__Saved data entries__.

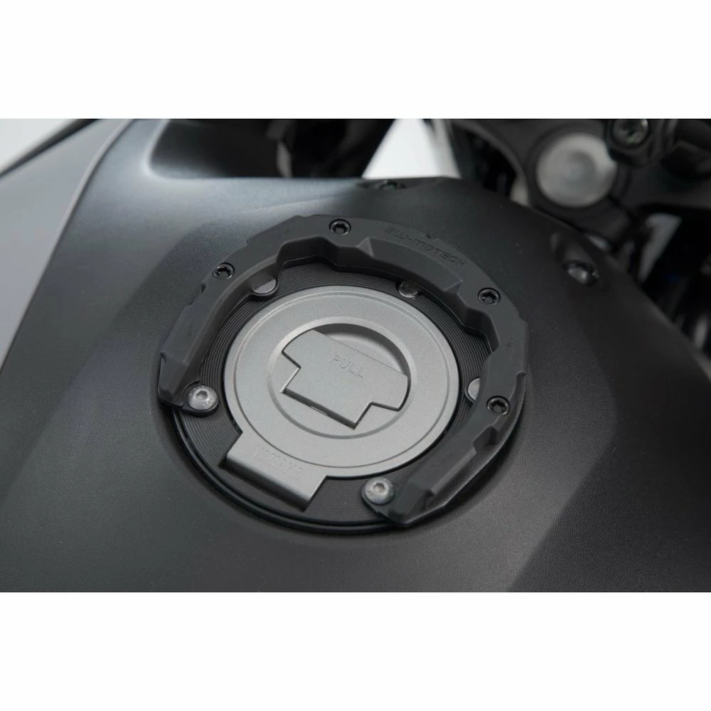 – your luggage is safe with this clever solution. The mechanical locking mechanism secures the tank bag, and the magnets bring both parts of the ring together. The robust fibreglass reinforced plastic with its high-precision locking geometry is responsible for ensuring that the tank bag remains firmly in place in all situations. The patented PRO tank ring is made to suit the tank filler neck of the motorcycle model. This ensures the best possible positioning onto the tank.
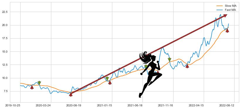 ⚅ 买点向上突破均线后,价格不断向上抬高,不断远离均线,气势如虹,均线强斥力助涨
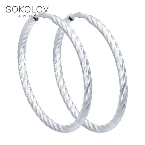 Серьги конго SOKOLOV из серебра с алмазной гранью, Серебро, 925, Женские, Серьги 2022 тренд, Оригинальная продукция
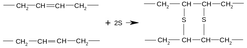 При повышенных температурах натуральный каучук взаимодействует с серой, превращаясь в резину. Этот процесс носит название вулканизации. При вулканизации за счет раскрытия двойных связей полимера и образования сульфидных мостиков образуются поперечные связи между линейными макромолекулами и структура из линейной превращается в сшитую. При этом повышается модуль упругости, прочность вулканизатов на раздир, но утрачивается способность к растворению и плавлению. Химизм процесса вулканизации можно представить схемой:
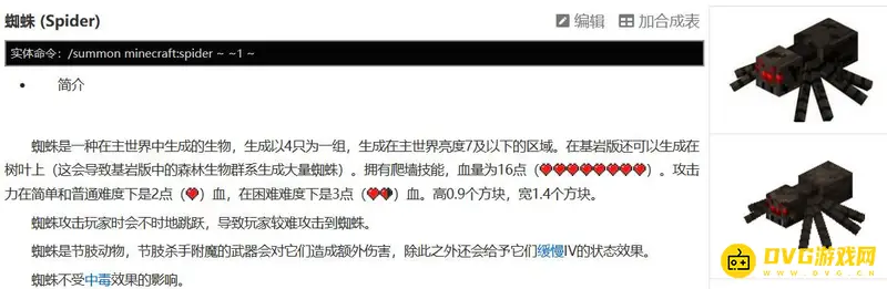 蜘蛛的英文是Spider,蜘蛛是一种在主世界中生成的生物,生成以4只为一组,生成在主世界亮度7及以下的区域。在基岩版还可以生成在树叶上(这会导致基岩版中的森林生物群系生成大量蜘蛛)。蜘蛛攻击玩家时会不时地跳跃,导致玩家较难攻击到蜘蛛。
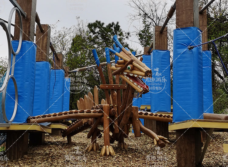 翼龍樂園區(qū)是利用客戶場(chǎng)地上原有的立柱,充分將廢棄的場(chǎng)地再度利用,讓已經(jīng)荒廢的場(chǎng)地重裝上陣,成為一個(gè)為用戶帶來快樂的新場(chǎng)地,我們?cè)陉惻f的立柱與立柱之間設(shè)計(jì)了各種造型的趣橋項(xiàng)目,同時(shí)打造生動(dòng)好玩的翼龍攀爬作為連接橋,讓我們的項(xiàng)目好玩又好看。
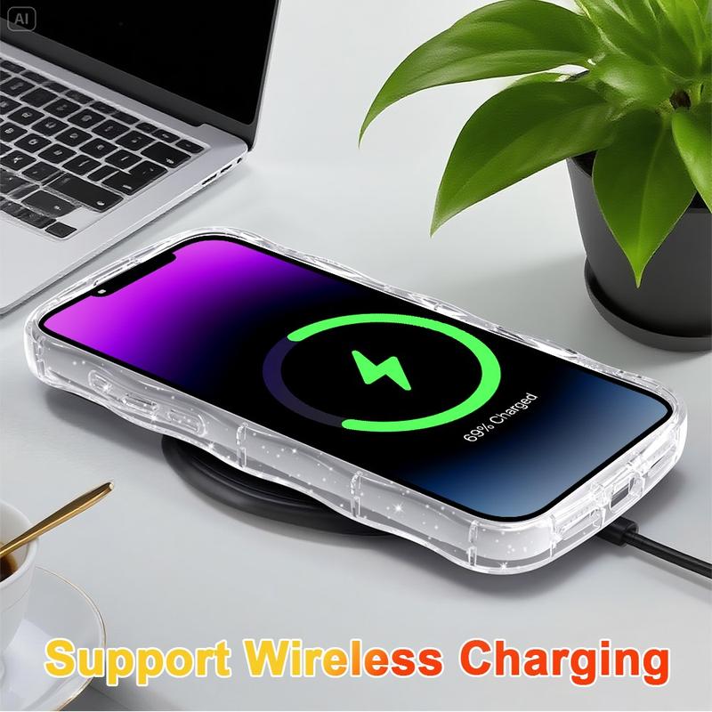 Capa MagSafe de TPU Wave-Edge Laser Glitter para iPhone 17 Pro
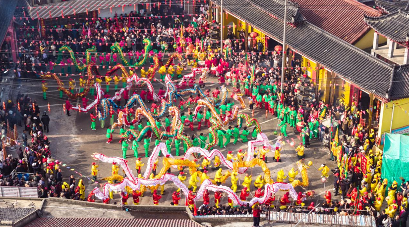 上午八时许,九条长龙从四面八方汇聚至广场。群龙飞舞,金鳞翻涌,鞭炮齐鸣,硝烟与欢腾一同升腾,将春日的村庄点燃。腰鼓铿锵、舞狮腾跃、打莲湘轻快灵动,各支表演队各展绝活,引得数以千计的市民与游客连连叫好。
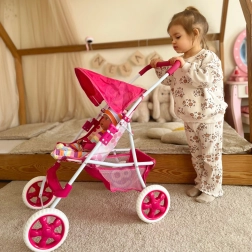 Durchdachte Details wie Sicherheitsgurte, Fußstütze und ein geräumiger Korb für Zubehör machen diesen Wagen zu einem praktischen Begleiter für den Alltag. Nach dem Spielen einfach zusammenklappen und verstauen. Der abnehmbare Stoffbezug kann zur einfachen Pflege abgenommen werden.
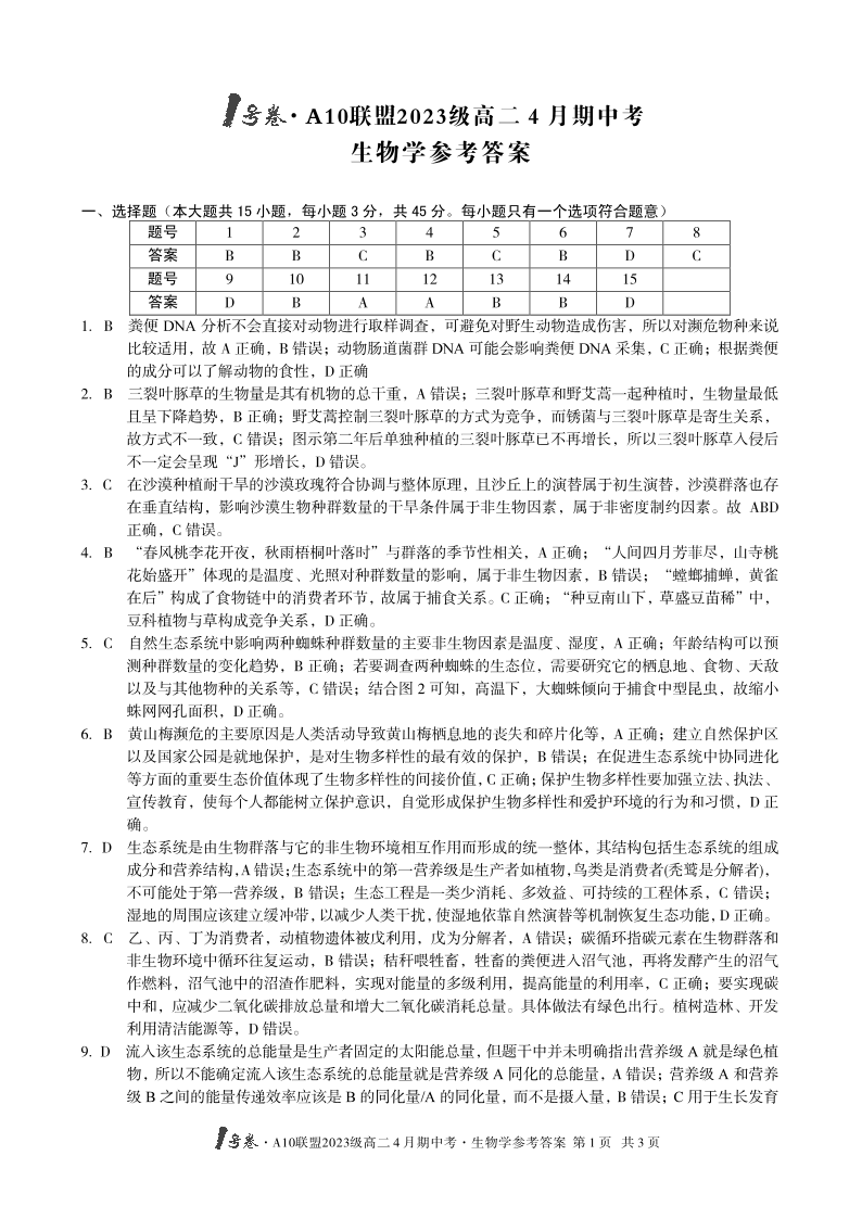 1号卷·A10联盟2023级高二4月期中考 生物答案.pdf
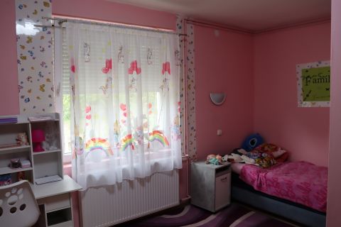 A felső szinten két szoba, illetve egy tetszőleges célra kialakítható kisebb hely található.
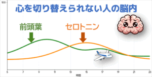 心を切り替えられない人の脳内は、四六時中、前頭葉とセロトニンが低空飛行をしている。
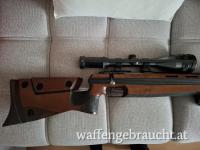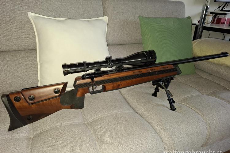 Gewehr ist auf 100m eingeschossen, in gutem Zustand und einem sehr guten Zielfernrohr mit sehr feinem Fadenkreuz.
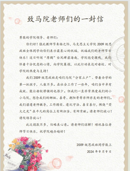 2024年9月9日,在即将到来的教师节之际,欧冠官方网站入口收到了2009级思政班全体同学的慷慨捐款,表达对学院的关心和支持。面对近期“摩羯”台风的严重影响,学院遭受了极大的困扰和损失。这笔捐款不仅帮助学院应对自然灾害带来的挑战,更是体现了同学们对母校的深情厚谊和责任感。
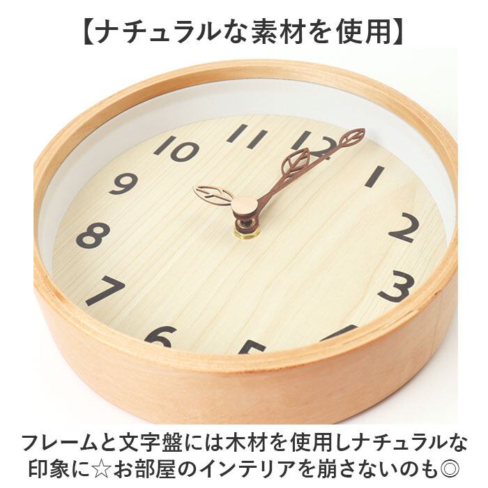 ・フレームと文字盤には木材を使用しナチュラルな印象に☆お部屋のインテリアを崩さないのも◎
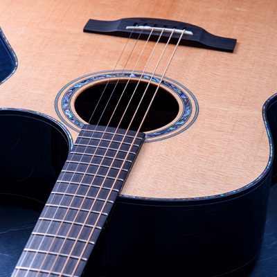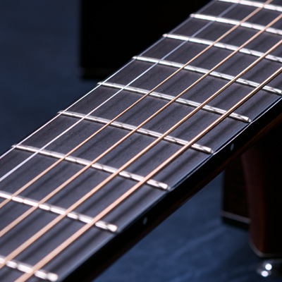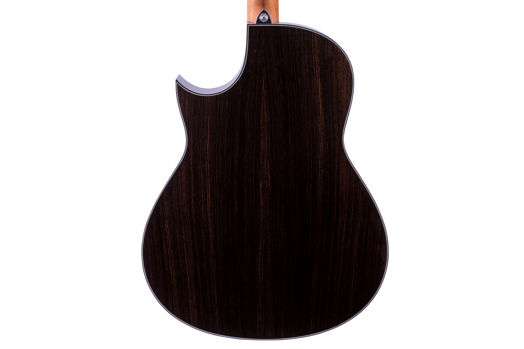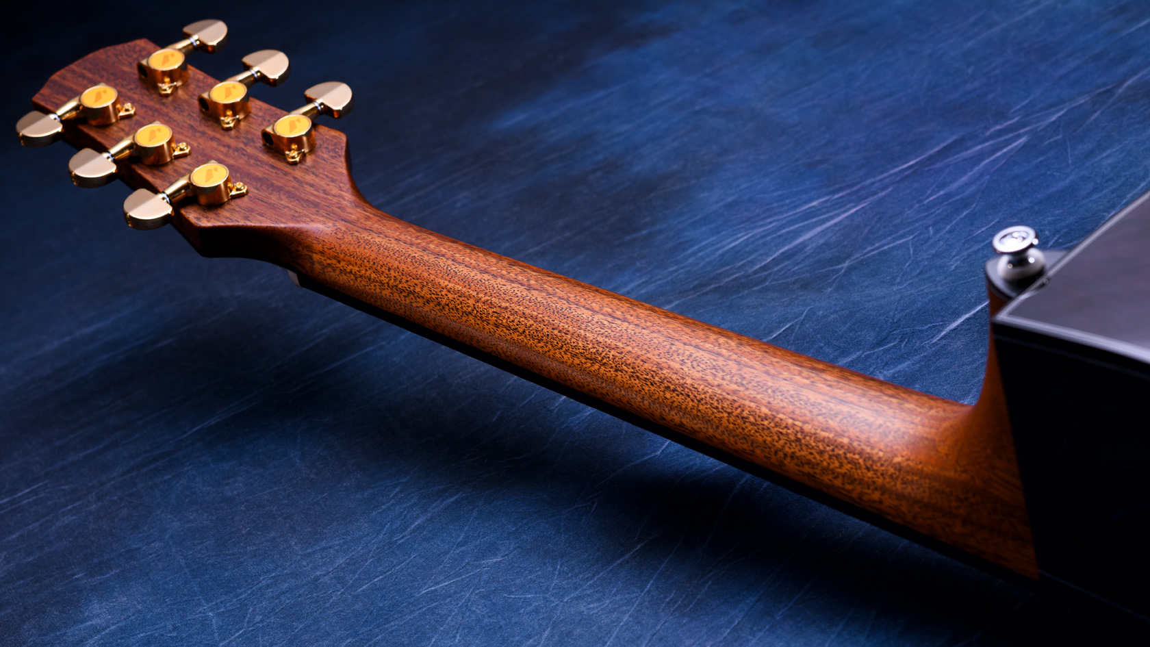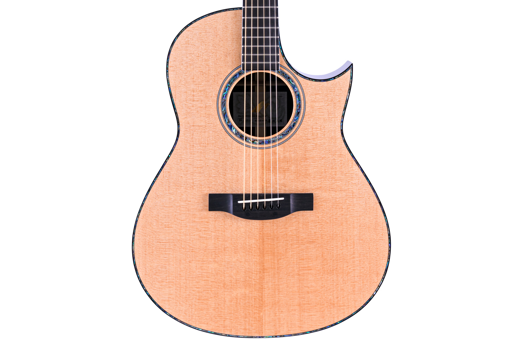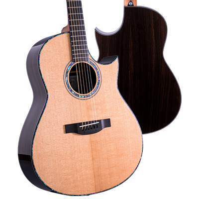 約43mmの細めのネックシェイプと、指板最終フレットよりも高い位置まで深くカーブを描く特徴的な フローレンカッタウェイ により、ローポジションの握りやすさとハイポジションへのスムーズなアプローチを両立。さらに、ボディ厚が約9cm〜10cmと比較的薄めで抱えやすい Thin クラシカルオーディトリアムボディ を採用し、演奏性にも優れています。
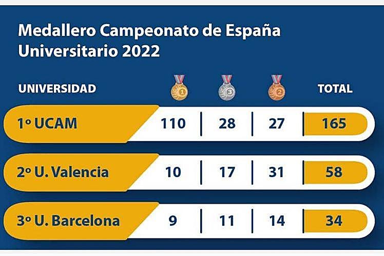 Este año, a falta de un par de semanas para que finalicen los Campeonatos de España Universitarios 2023, la UCAM ya se ha posicionado en el primer puesto del medallero, el cual domina de forma clara desde hace más de una década.
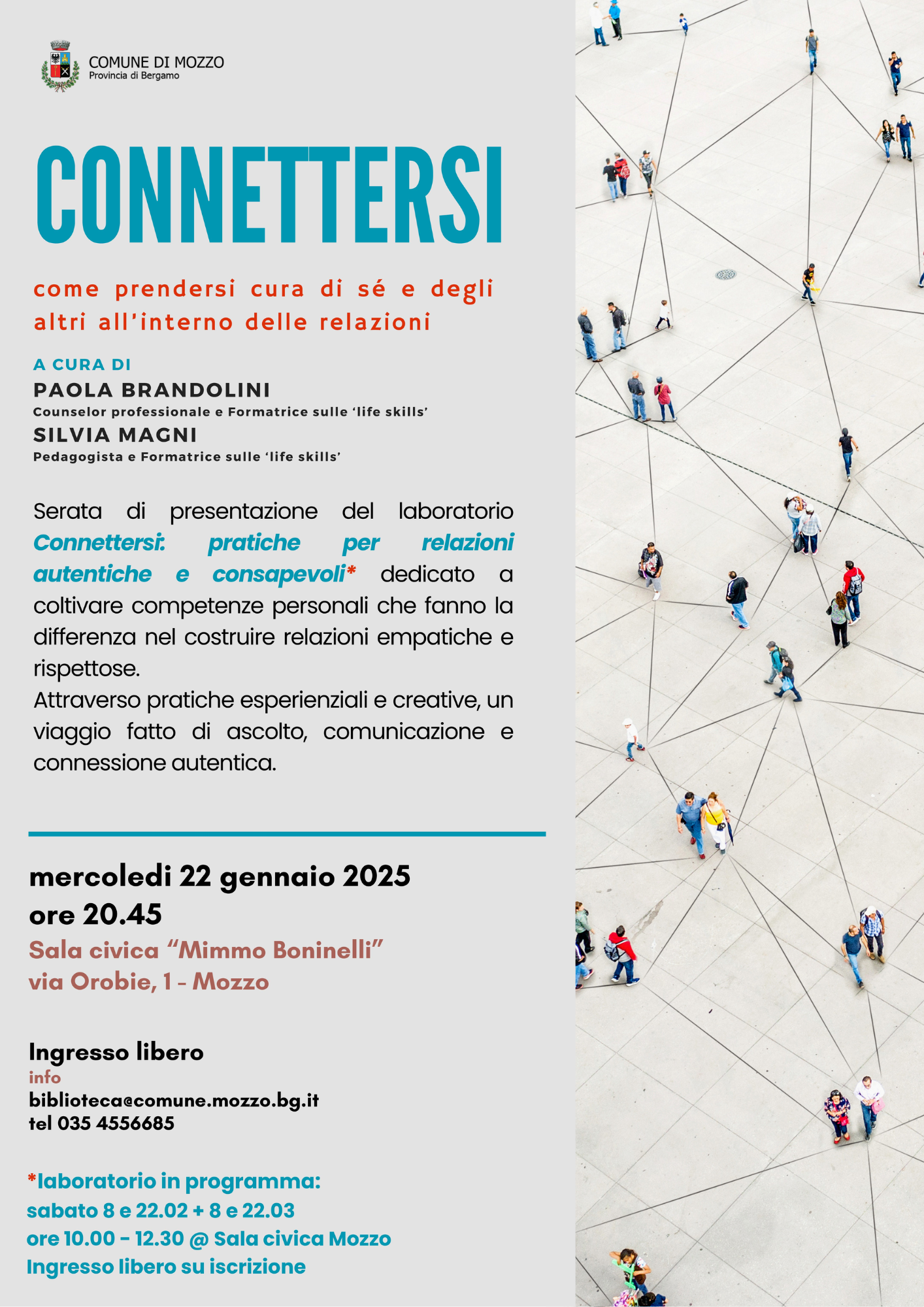 Il laboratorio verrà presentato mercoledì 22 gennaio, alle ore 20.45, presso la Sala Civica “Mimmo Boninelli” (via Orobie, 1 Mozzo), con un evento in cui sarà possibile sperimentare alcune delle pratiche che saranno proposte nel percorso. La partecipazione è a ingresso libero.
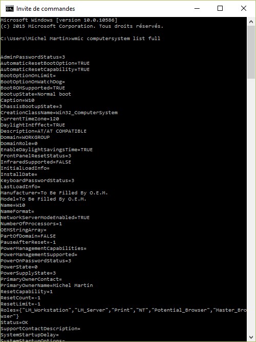 wmic computersystem list full
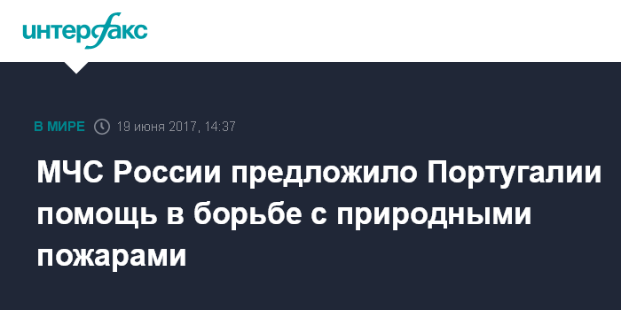 Москва. 19 июня. INTERFAX.RU - Глава МЧС России Владимир Пучков направил министру внутренней администрации Португалии Констанце Урбану де Соузе телеграмму, в которой выразил свои соболезнования и готовность помочь в борьбе с природными пожарами, сообщили "Интерфаксу" в пресс- службе министерства.

__What you have to do__.
In the records above, locate the line containing "Il laboratorio verrà", then copy exactly that line and every line after it through the end, omitting pictures.

__Solved problem__.
 Il laboratorio verrà presentato mercoledì 22 gennaio, alle ore 20.45, presso la Sala Civica “Mimmo Boninelli” (via Orobie, 1 Mozzo), con un evento in cui sarà possibile sperimentare alcune delle pratiche che saranno proposte nel percorso. La partecipazione è a ingresso libero.
 wmic computersystem list full
 Москва. 19 июня. INTERFAX.RU - Глава МЧС России Владимир Пучков направил министру внутренней администрации Португалии Констанце Урбану де Соузе телеграмму, в которой выразил свои соболезнования и готовность помочь в борьбе с природными пожарами, сообщили "Интерфаксу" в пресс- службе министерства.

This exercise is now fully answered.